* [What to do]: Each record should reappear exactly in your answer, minus any picture.

* [The records]:
+ + + + + + +

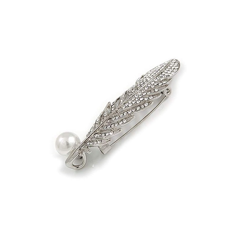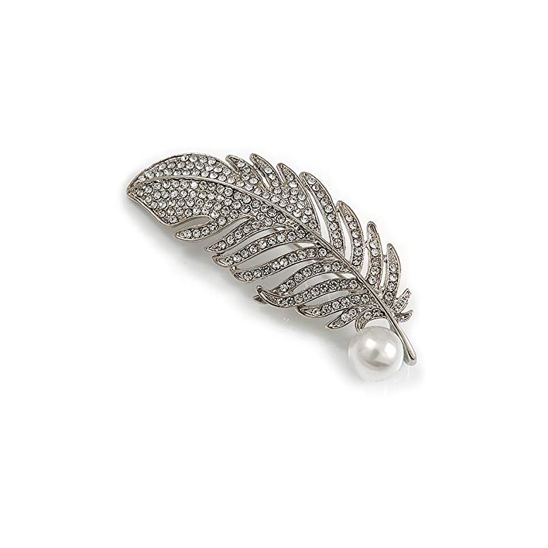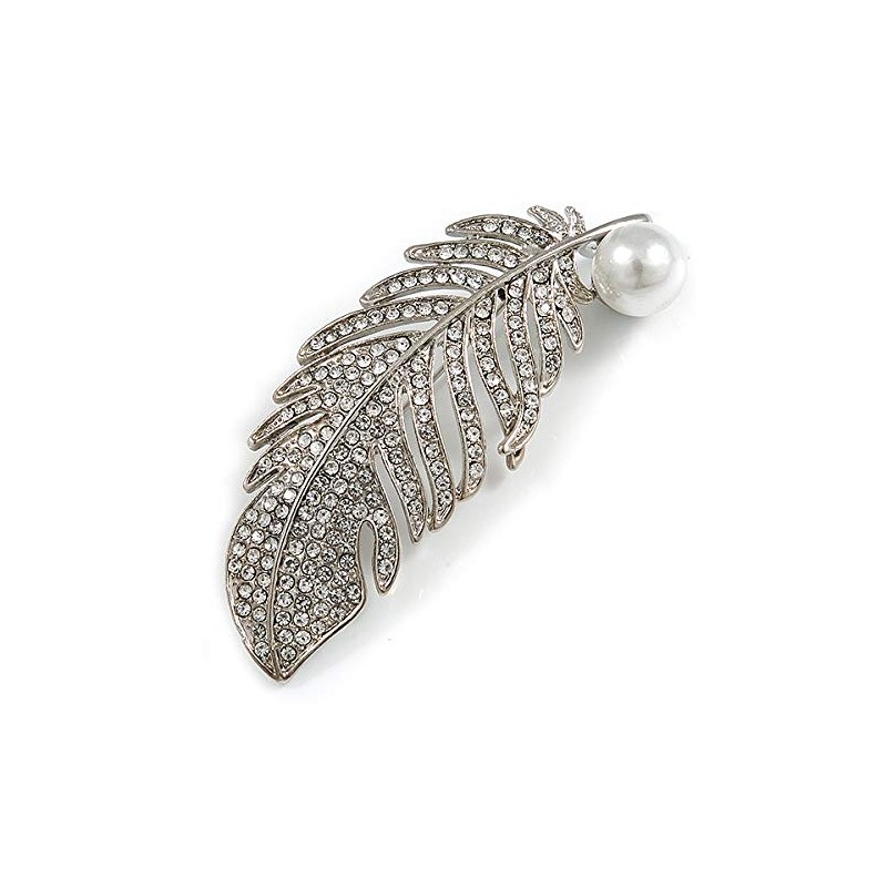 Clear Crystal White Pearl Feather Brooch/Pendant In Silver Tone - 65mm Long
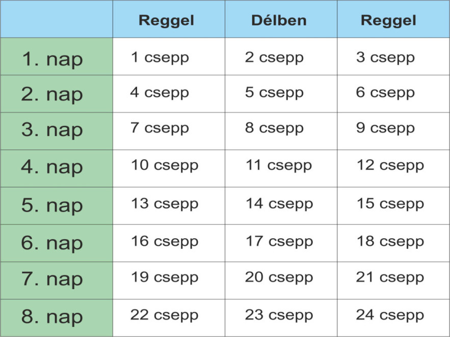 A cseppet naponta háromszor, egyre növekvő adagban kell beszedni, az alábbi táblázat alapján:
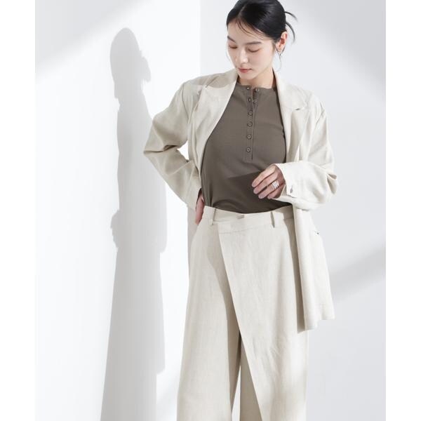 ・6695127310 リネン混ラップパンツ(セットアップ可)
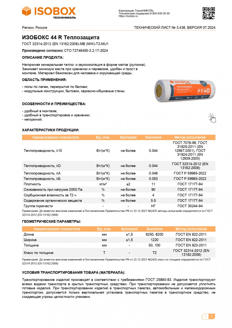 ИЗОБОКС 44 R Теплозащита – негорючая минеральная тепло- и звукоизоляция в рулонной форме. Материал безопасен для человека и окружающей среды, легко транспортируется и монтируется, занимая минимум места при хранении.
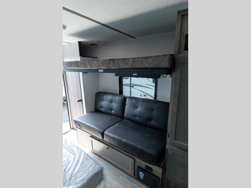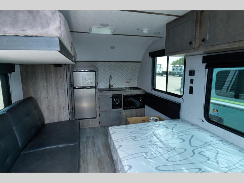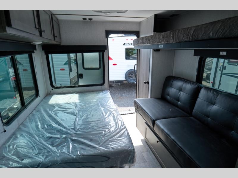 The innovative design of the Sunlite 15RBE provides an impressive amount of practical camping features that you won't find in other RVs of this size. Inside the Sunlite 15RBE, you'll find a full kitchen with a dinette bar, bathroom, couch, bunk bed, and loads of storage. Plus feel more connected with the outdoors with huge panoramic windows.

+ + + + + + +

* [Written reply]:
 Clear Crystal White Pearl Feather Brooch/Pendant In Silver Tone - 65mm Long
 A cseppet naponta háromszor, egyre növekvő adagban kell beszedni, az alábbi táblázat alapján:
 ・6695127310 リネン混ラップパンツ(セットアップ可)
 ИЗОБОКС 44 R Теплозащита – негорючая минеральная тепло- и звукоизоляция в рулонной форме. Материал безопасен для человека и окружающей среды, легко транспортируется и монтируется, занимая минимум места при хранении.
 The innovative design of the Sunlite 15RBE provides an impressive amount of practical camping features that you won't find in other RVs of this size. Inside the Sunlite 15RBE, you'll find a full kitchen with a dinette bar, bathroom, couch, bunk bed, and loads of storage. Plus feel more connected with the outdoors with huge panoramic windows.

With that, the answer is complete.